Let us also see the training errors. If they are significantly smaller than the figures above, the given model overfits the training data:
The model | linear | cubic | quadratic spline | cubic spline | overfitted spline | smoothing spline | opt smoothing |
---|---|---|---|---|---|---|---|
RMSE | 0.6129324 | 0.4102442 | 0.4118315 | 0.4101581 | 0.3925662 | 0.4172523 | 0.3925662 |
Now, we will compute the root mean square error of the individual models against the ideal sine function to see how well they reconstruct the original function:
The model | linear | cubic | quadratic spline | cubic spline | overfitted spline | smoothing spline | opt smoothing |
---|---|---|---|---|---|---|---|
RMSE | 0.4475817 | 0.0902386 | 0.0685612 | 0.0896494 | 0.1334859 | 0.0974597 | 0.0707227 |
The quadratic spline with single knot worked pretty well in our scenario.

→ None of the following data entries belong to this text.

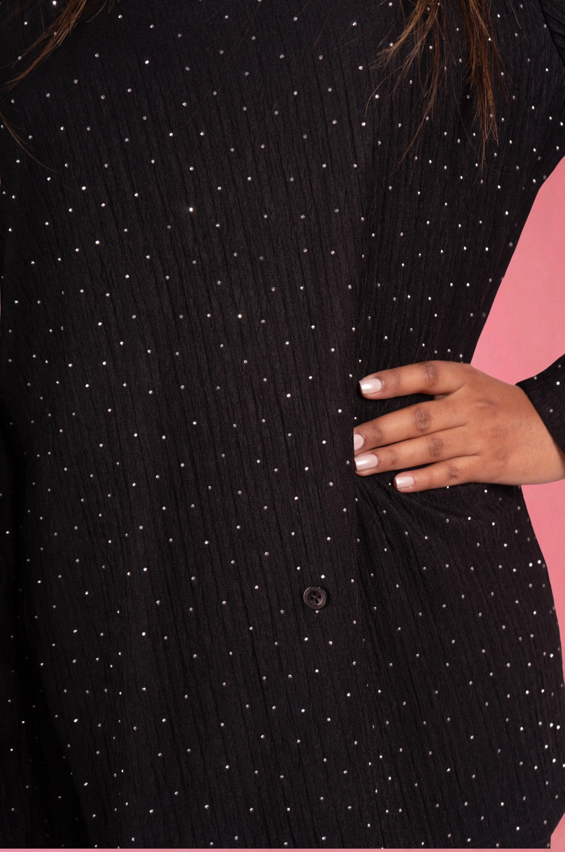 Step into effortless elegance with our Designed with a luxe textured shimmer fabric in a calming beige-gold tone, this relaxed-fit ensemble is a perfect blend of comfort and statement style. The long-sleeve top with wide cuffs pairs seamlessly with flowy wide-leg pants.
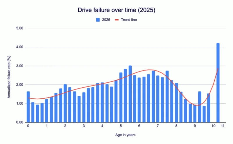Per decenni, l’affidabilità degli HDD è stata rappresentata dalla classica “curva a vasca da bagno”: molti guasti nei primi mesi, un lungo periodo di stabilità e poi un nuovo aumento con l’usura.
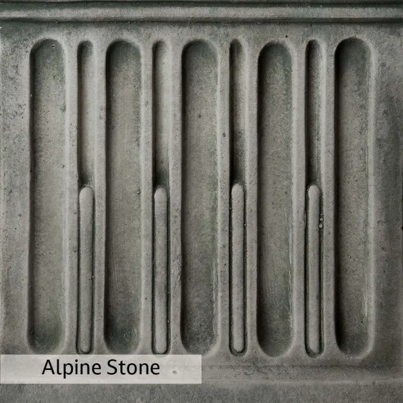 Greystone , Aged Limestone , Alpine Stone , Brownstone , Copper Bronze , English Lead , English Moss , Ferro Rustico Nuovo , French Limestone , Lead Antique , Natural , Nero Nuovo , Pietra Nuova , Terra Cotta , Travertine , Verde
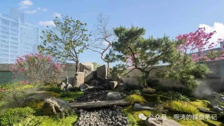核心景观:环形洄游森林小径,营造 “曲径通幽” 的探索意趣;溪谷依自然高差跌宕,野山石错落堆叠,复刻白云山溪谷的野性灵韵;中央景观水池采用隐蔽式循环系统,终年清澈如镜,倒映建筑与天空。
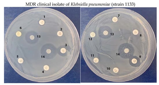 4.4. The Agar Diffusion Method to Analyze Antimicrobial Activity of Tested Compounds against Klebsiella pneumoniae
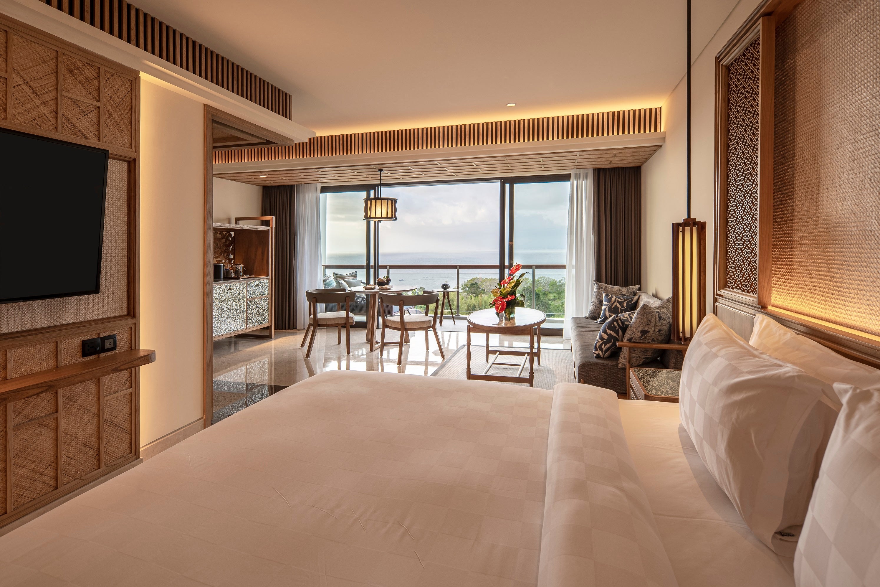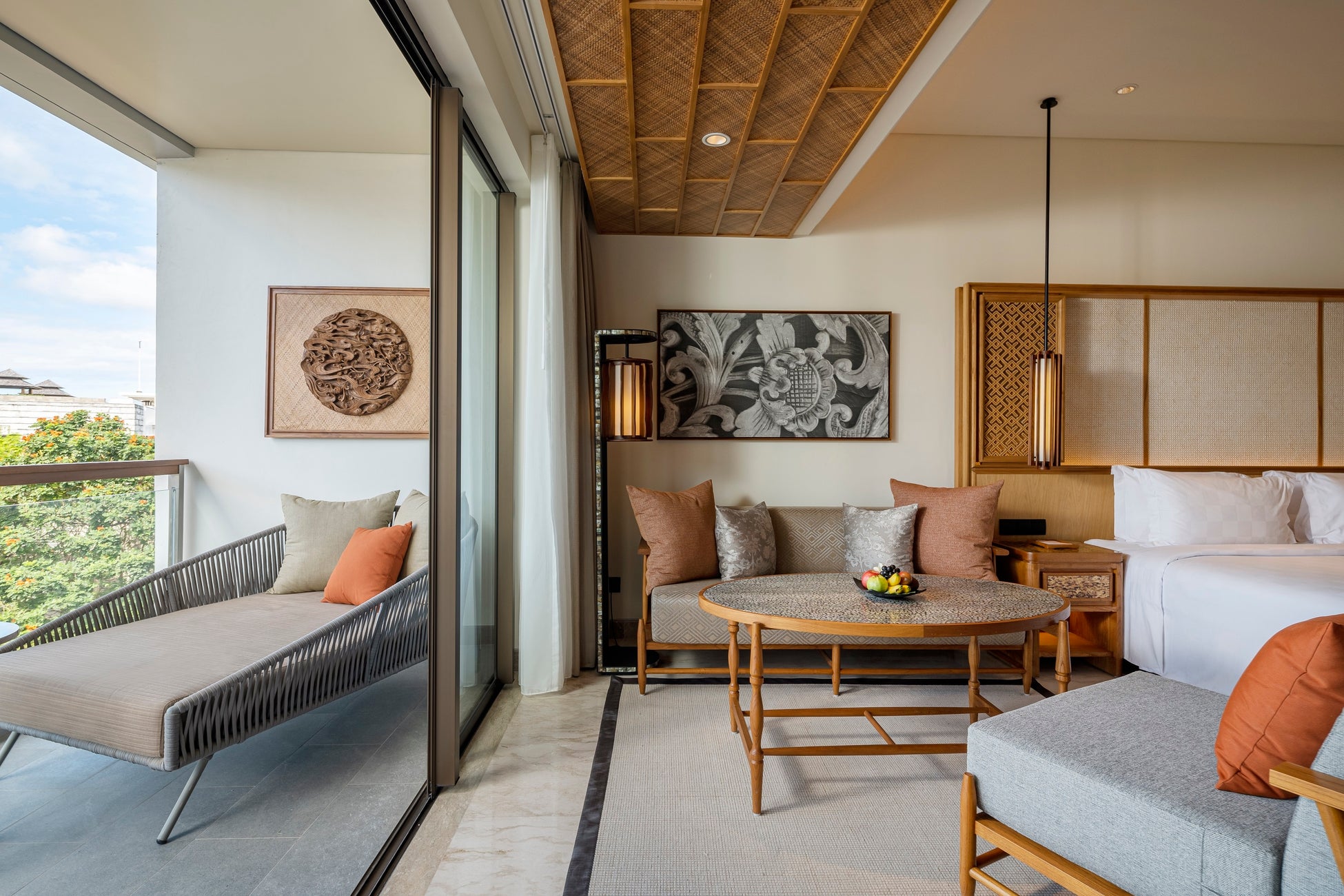 アヤナ セガラ バリには、205室のモダンでエレガントな客室とスイートがあります。客室の広さは58~65㎡で、スイートは約93㎡です。各部屋には、インド洋の涼しい風を感じられる床から天井まである大きな窓、景色を楽しむためのデイベッドを配したプライベートバルコニーまたはテラスが備わっています。地元の職人技を称える豊かな素材を取り入れつつもモダンなインテリアデザインの客室には、贅沢なリビングスペース、ダイニングエリア、広々としたウォークインクローゼットがあり、バスルームには、大きなフリースタンドのバスタブと大理石のレイン シャワーを完備しています。

This spline has a sufficient complexity to fit the sine function and does not overfit. The other simple non-linear functions work well as well (the degree-3 polynomial, cubic spline, smoothing spline). More complex models may overfit the data. The amount of noise has also to be considered when comparing models. Our default setting shows relatively large amount of noise which encourages overfitting. If learning from less noisy data, more complex models can be more advantageous.